**** Data for this task ****
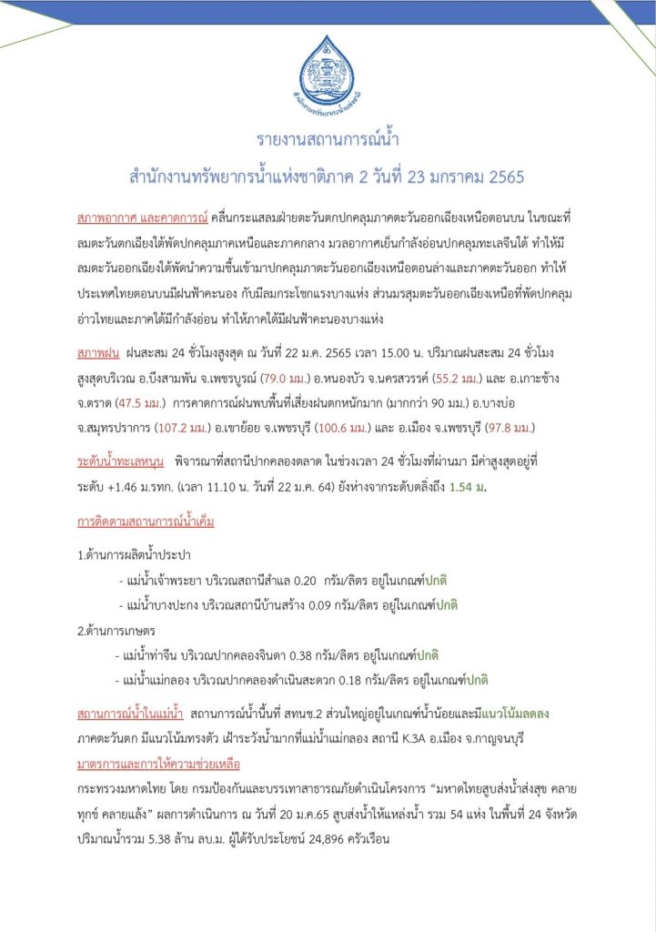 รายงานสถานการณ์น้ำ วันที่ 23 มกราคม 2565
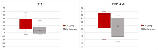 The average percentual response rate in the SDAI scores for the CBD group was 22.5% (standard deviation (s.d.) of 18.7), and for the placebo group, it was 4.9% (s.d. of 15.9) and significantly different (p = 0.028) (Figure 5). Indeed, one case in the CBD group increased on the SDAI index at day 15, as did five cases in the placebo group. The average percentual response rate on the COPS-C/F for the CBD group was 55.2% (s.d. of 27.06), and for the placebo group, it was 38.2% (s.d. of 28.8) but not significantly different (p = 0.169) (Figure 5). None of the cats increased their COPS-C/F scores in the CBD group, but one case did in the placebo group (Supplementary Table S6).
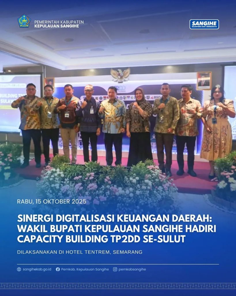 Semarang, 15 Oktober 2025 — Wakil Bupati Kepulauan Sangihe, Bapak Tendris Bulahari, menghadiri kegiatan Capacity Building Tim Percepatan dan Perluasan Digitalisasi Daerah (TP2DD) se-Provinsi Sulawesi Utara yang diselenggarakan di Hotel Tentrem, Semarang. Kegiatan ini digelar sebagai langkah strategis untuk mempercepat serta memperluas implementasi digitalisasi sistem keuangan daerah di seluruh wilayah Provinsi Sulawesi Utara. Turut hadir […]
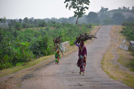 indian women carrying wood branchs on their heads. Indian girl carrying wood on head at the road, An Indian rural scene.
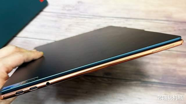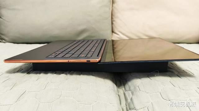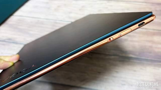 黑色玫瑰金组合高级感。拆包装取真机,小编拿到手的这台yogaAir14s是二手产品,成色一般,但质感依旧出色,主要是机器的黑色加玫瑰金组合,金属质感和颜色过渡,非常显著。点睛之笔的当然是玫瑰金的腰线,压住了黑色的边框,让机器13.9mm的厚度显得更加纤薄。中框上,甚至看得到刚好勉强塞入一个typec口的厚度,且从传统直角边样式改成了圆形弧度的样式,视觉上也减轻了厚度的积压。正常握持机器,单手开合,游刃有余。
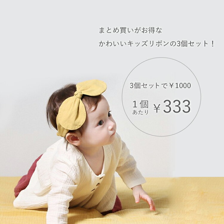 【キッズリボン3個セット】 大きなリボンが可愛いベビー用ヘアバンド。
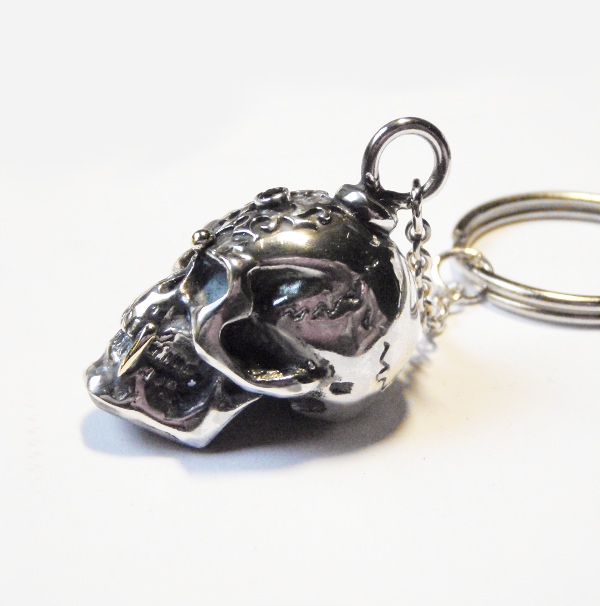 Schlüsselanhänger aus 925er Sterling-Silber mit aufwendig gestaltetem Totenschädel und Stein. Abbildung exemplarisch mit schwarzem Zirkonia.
****
**** Data for this task ****
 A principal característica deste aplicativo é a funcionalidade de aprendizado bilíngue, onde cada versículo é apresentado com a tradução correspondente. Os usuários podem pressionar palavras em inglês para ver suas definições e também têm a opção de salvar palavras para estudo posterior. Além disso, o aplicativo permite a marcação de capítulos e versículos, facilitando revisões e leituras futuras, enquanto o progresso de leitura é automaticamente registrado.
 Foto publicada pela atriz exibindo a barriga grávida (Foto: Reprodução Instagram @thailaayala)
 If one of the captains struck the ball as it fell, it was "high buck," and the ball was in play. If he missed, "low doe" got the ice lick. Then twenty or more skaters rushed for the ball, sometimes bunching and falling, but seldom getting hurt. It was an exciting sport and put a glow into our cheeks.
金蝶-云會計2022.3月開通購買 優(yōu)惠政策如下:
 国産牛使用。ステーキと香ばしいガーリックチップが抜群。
****
In the material above, the stretch from the line with "indian women carrying" through the line with "Schlüsselanhänger aus 925er" is to be given again exactly, minus the pictures.

 indian women carrying wood branchs on their heads. Indian girl carrying wood on head at the road, An Indian rural scene.
 黑色玫瑰金组合高级感。拆包装取真机,小编拿到手的这台yogaAir14s是二手产品,成色一般,但质感依旧出色,主要是机器的黑色加玫瑰金组合,金属质感和颜色过渡,非常显著。点睛之笔的当然是玫瑰金的腰线,压住了黑色的边框,让机器13.9mm的厚度显得更加纤薄。中框上,甚至看得到刚好勉强塞入一个typec口的厚度,且从传统直角边样式改成了圆形弧度的样式,视觉上也减轻了厚度的积压。正常握持机器,单手开合,游刃有余。
 【キッズリボン3個セット】 大きなリボンが可愛いベビー用ヘアバンド。
 Schlüsselanhänger aus 925er Sterling-Silber mit aufwendig gestaltetem Totenschädel und Stein. Abbildung exemplarisch mit schwarzem Zirkonia.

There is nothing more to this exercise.